Dalla Germania alla Sicilia, lo spettro delle sanzioni Ue alla Russia spaventa gli operai delle raffinerie

La raffineria PCK di Schwedt, al confine tra Germania e Polonia, è di proprietà della società energetica russa Rosneft. Ciò significa che se e quando le sanzioni dell'Unione Europea entreranno in vigore, sarà Berlino a risentirne, sia in termini di posti di lavoro che di carenza di materia prima. Vi sono infatti due problemi: il primo è che la sostituzione dell’esportazione di petrolio greggio russo con altro olio richiede molto tempo e investimenti onerosi.

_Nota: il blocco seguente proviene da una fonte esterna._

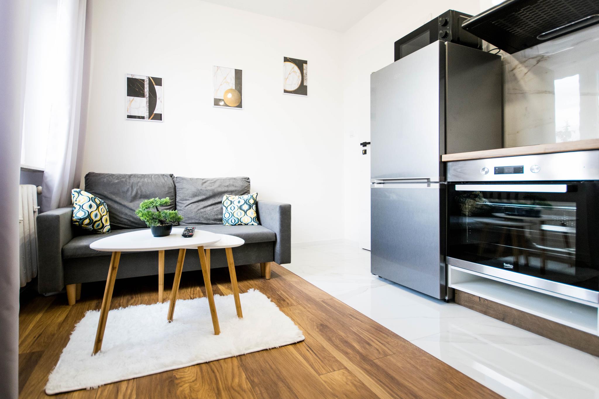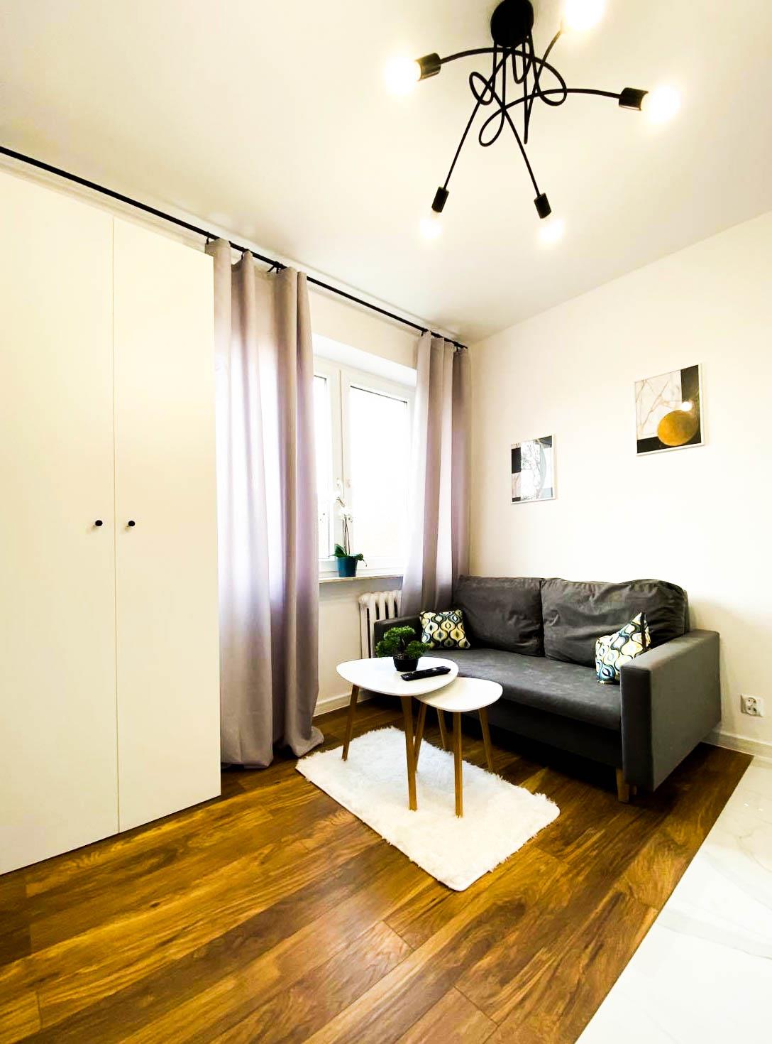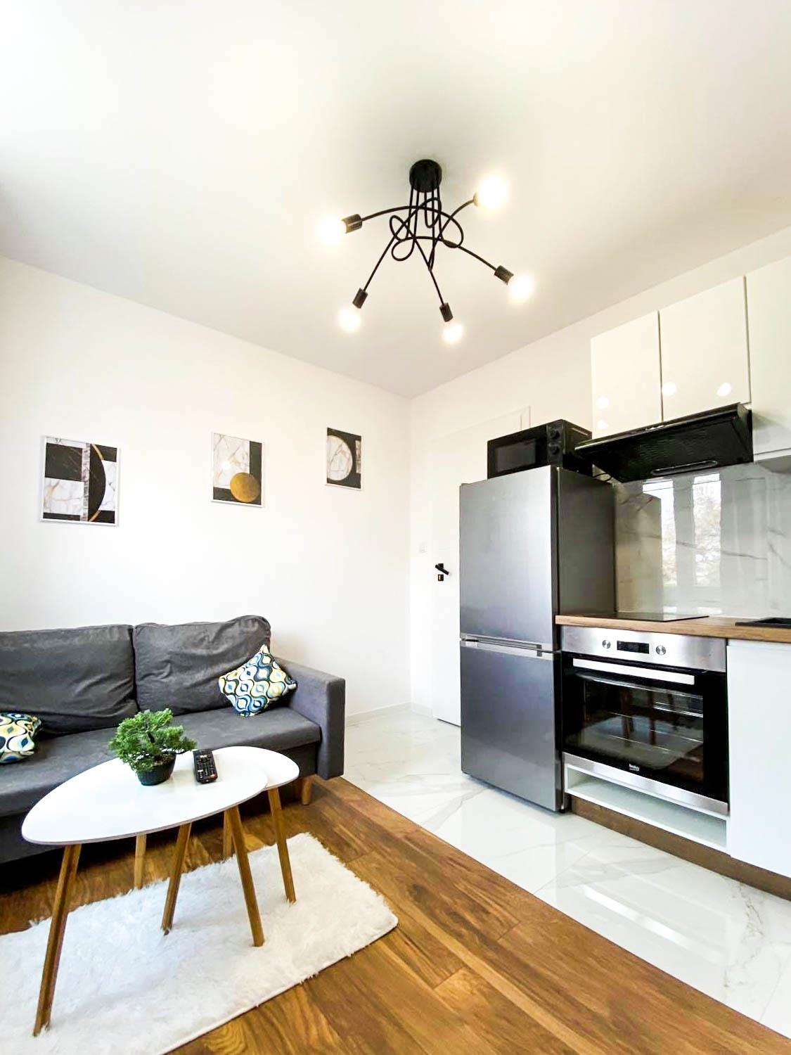 Mieszkanie, w którym znajdziesz salon z wygodną, rozkładaną sofą, stolikiem oraz pojemną szafę i TV z funkcją smart. Aneks kuchenny z pełnym wyposażeniem takim jak:

Il secondo è che gli stessi proprietari russi non scorgono alcun vantaggio nell'intraprendere tali operazioni, dato che all’orizzonte per loro si profila il rischio di sequestro dei beni in Europa.

di Ilaria Paoletti -


Ilshat Sharafutdinov, presidente del consiglio di amministrazione della raffineria di Lukoil di Neftokhim Burgas in Bulgaria, ha dichiarato all’agenzia di stampa russa Tass che se le forniture di greggio da Mosca si interrompessero, l’impianto bloccherebbe le operazioni. Nella raffineria PCK, intanto, c’è agitazione tra i dipendenti: “Abbiamo bisogno del petrolio russo. Manteniamo le nostre case e le nostre famiglie. Se il governo smetterà di importare olio russo, l’intero territorio morirà”, ha detto Thorsten Scheer, uno degli operai, a Afp. L’impianto, dove lavorano 1.200 persone, elabora esclusivamente petrolio greggio russo da un ramo dell’oleodotto Druzhba, l’oleodotto più lungo del mondo. Fornisce circa il 90 per cento del petrolio consumato a Berlino e nella regione circostante, compreso l’aeroporto di Berlino-Brandeburgo. Robert Habeck, ministro dell’Economia tedesco, si è recato in loco per un incontro con i dipendenti e ha cercato di rassicurare gli operai, sostenendo che il governo sta cercando modi alternativi per mantenere in vita la raffineria. Tuttavia la più grande economia europea ha già ridotto le importazioni di petrolio dalla Russia al 12%, un calo notevole rispetto al dato del 35%, precedente al conflitto in Ucraina. I problemi però non mancano anche in casa nostra: l’impianto Isab di Priolo Gargallo (Siracusa), controllato dalla svizzera Litasco SA, a sua volta controllata da Lukoil, è anch’esso a rischio chiusura causa sanzioni. La raffineria lavora in media 10,6 milioni di tonnellate di greggio raffinato l’anno, il 13,6% del totale nazionale. Sarebbero necessari quasi 700 milioni di dollari per adattare la configurazione dell’impianto a nuove materie prime. Ma dato che il governo ha ventilato l’ipotesi di una “nazionalizzazione temporanea” della Isab, la proprietà russa è riluttante ad assumersi un tale onere. Il polo di Priolo rappresenta uno dei maggiori “datori di lavoro” della regione: vale il 51% del Pil della provincia di Siracusa. Sono ben 10mila i posti di lavoro in bilico. Il sindaco della città siciliana, Pippo Gianni, ha scritto un appello a Draghi chiedendo un commissario speciale. Cambiano gli scenari, ma da Schwedt a Priolo Gargallo, i problemi sembrano essere gli stessi.